少し拙い部分が多いですが大目に見てください……。

 王の間をイメージしているかのような厳かな場所に彼はいた。


 ゴブリンナイト、それが今の彼の種族であり周りは何度も夢見た自分の国だ。小国とはいえ王位を継承されなかった彼には今の状況がとても心地よかった。


 忌まわしき過去を思い出して歯軋りした。




 なぜ私が殺されなければいけなかったのか。私はただ一つの村を復興させ私財をなげうっただけ。それがなぜ国家財政の圧迫となるのだろうか。


 彼の頭に自分の首が飛ぶ瞬間が何度もリピートされる。無抵抗で何も出来ないままで首を飛ばされた従者達、自分を守るために盾になったメイドや執事。


 彼は首をさすりながら瞳を閉じる。思い出されるのは恨みから自身が霊体となった時のことだ。


 極僅かだが未練を強く残した者の中で霊体、いわば幽霊として世界に残る人がいる。彼もそのうちの一人で陽の光すら浴びれない不自由な生活を送りいくつもの魔物を呪い殺してきた。


 今でさえ寝る時は暗い日の刺さない空間でなければ寝付けないほどにその生活は彼を変えてしまう。


 そんな中、一人の女性と出会った。


 真っ暗な空間とは不似合いな真っ白いローブを装備した女性。その表情はどこか憂いげで彼を一目見て「憐れね」と微笑んだのだ。


 それが彼の心をどれだけ傷つけたか。いつも通り霊体固有のスキル、呪殺魔法を使用して女性を殺そうとした。だが何をしても効かない。


 女性はただ彼からの攻撃を全て受け止めて彼の荒くなる呼吸が凪ぐのを待っていた。


 おかしい、おかしいおかしいおかしい。


 彼の頭の中はそんな言葉で覆い尽くされる。今の今までこの力で倒せなかった者はいない。それに女性は彼を殺すつもりもない。


 憐憫、それがこもった視線を彼に向け何度も何度も展開される魔法をその身に受けた。


 自分なら耐えられるか?


 耐えられるわけがない。ただでさえ今の自分よりも弱い暗殺者に殺されたのだ。


「あなたは……可哀想ね。……もう一度、人としてはいられないかもしれないけど、やり直せるならどんな人生を送りたいのかしら?」


 先程までとは違った憐憫すらない、ただ愚直に疑問に思っているだけの素直な視線。彼は口角を吊り上げながら小さく「国を作りたい」とだけ呟いた。


「違うわね。本当は?」


 彼は黙ったものの女性には何をしても勝てないと悟り瞳を閉じる。




「復讐を果たすため。そして兄達を見返すためにも自国を発展させなくてはいけない」


 それが本音であった。


 だから彼は何度も戦い殺し殺してここまでの地位を築くことに成功したのだ。


 出来ればこれからもこのままで、自分を解き放ってくれた女性、彼女に忠誠を誓い集落を国に、そして魔王となることを夢見ていた。

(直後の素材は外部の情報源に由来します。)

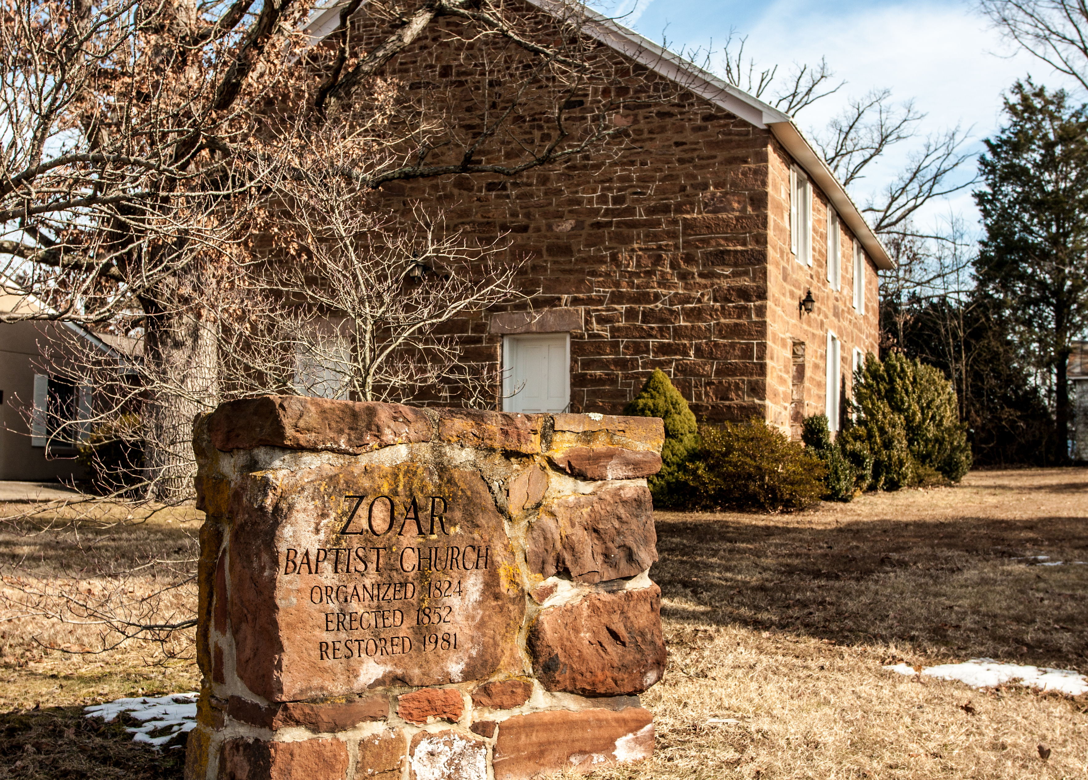 Zoar Baptist Church with Stone Sign, Bristersburg, Virginia, in Fauquier County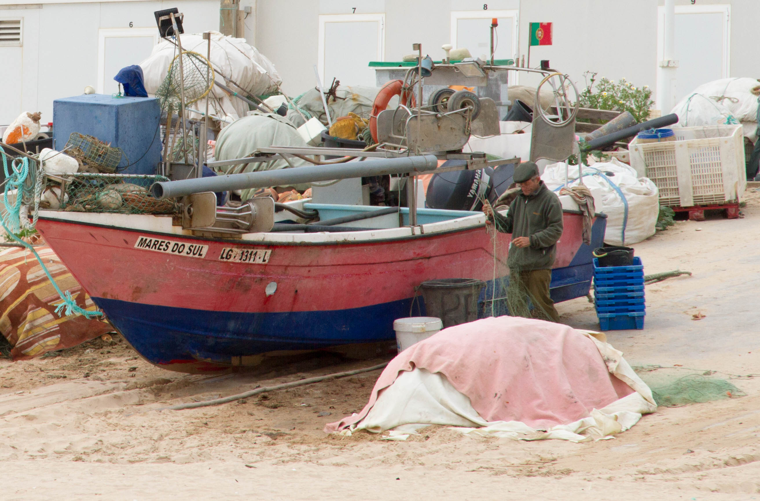 The making of this document was supported by the Community-Budget of Wikimedia Germany. Fishing in Salema

 そのための知識もあるのだ。そして足りない部分は彼女から教えて貰っている。例えいいように扱われている事を知っていながらも、彼は彼女に恋をしていたのだ。彼女のためなら国を、夢を捨ててもいい程に。彼女のおかげで生まれ変われたことを知っているから。


 彼は国を築くためにゴブリンに力を見せつけていた。そのうちゴブリンソルジャーへと進化をし、時間も経たずにゴブリンナイトへと進化していた。


 だが足りないことを理解しているからこそ、彼は驕らずに戦い続けある程度信頼をおける配下を得て、自分はステータスがかなり上がっていることを確認している。


 民のためにも廃村となった村の家々の改築方法を教えた。当の教えられたゴブリンたちはゴブリンビルダーという新種に進化して、彼さえ知らぬ知識でコロニーを発展させ始めたのだが。


 だが今日になって少しだけ異変が起きる。まずは偵察部隊が三隊とも消えたことである。気配察知の力で探りはしたものの何が仲間を消したのか分からない。分かっているのは死体ごと消えた仲間の死体。


 内心焦りながらも幾らかのゴブリンソルジャー、つまりは幹部達を送り込んだのだ。結果は誰も殺されなかった。それはいい。


 ただし何の情報も得られなかったのだ。焦りが酷くなる。だが場所を動くことは出来ない。


 王はいつまでも王なのだ。こんなことで焦燥に駆られようとも民のために、心配をさせぬためにも動くことは出来ない。


 彼は逃げずに迎撃、そして侵入者を殺すことを決めた。何度も経験した修羅場をまた乗り越えてみせる、と。


 そんな彼にある一報が知らされた。


 優秀な気配を探ることに特価したゴブリンである。ゴブリンアサシンとしてなりたてではあるものの、その位はゴブリンナイトと同じ。それに特価といえども彼と同格なこともあり、能力ですら、油断すれば彼がやられるほどの力を誇っていた。


「気配を探ることが出来ないが何か不可解なことが村の中で起きている」


 彼の直属の部下であり、幾度となく死線を乗り越えたアサシンにとって、今回の件は初めてであった。何度も感じた死の恐怖、それが一番安心出来るはずの拠点で起きているのだ。


 彼にそう知らせた時のアサシンの体は酷く揺れ今にも膝をつき泣き出してしまいそうな程だった。


 こんな姿を見たことがない。


 アサシンは例え格上であるワイバーンと対峙した時でさえ、泣くことも怖気付くこともなかった。アサシンが初めて見せた姿である。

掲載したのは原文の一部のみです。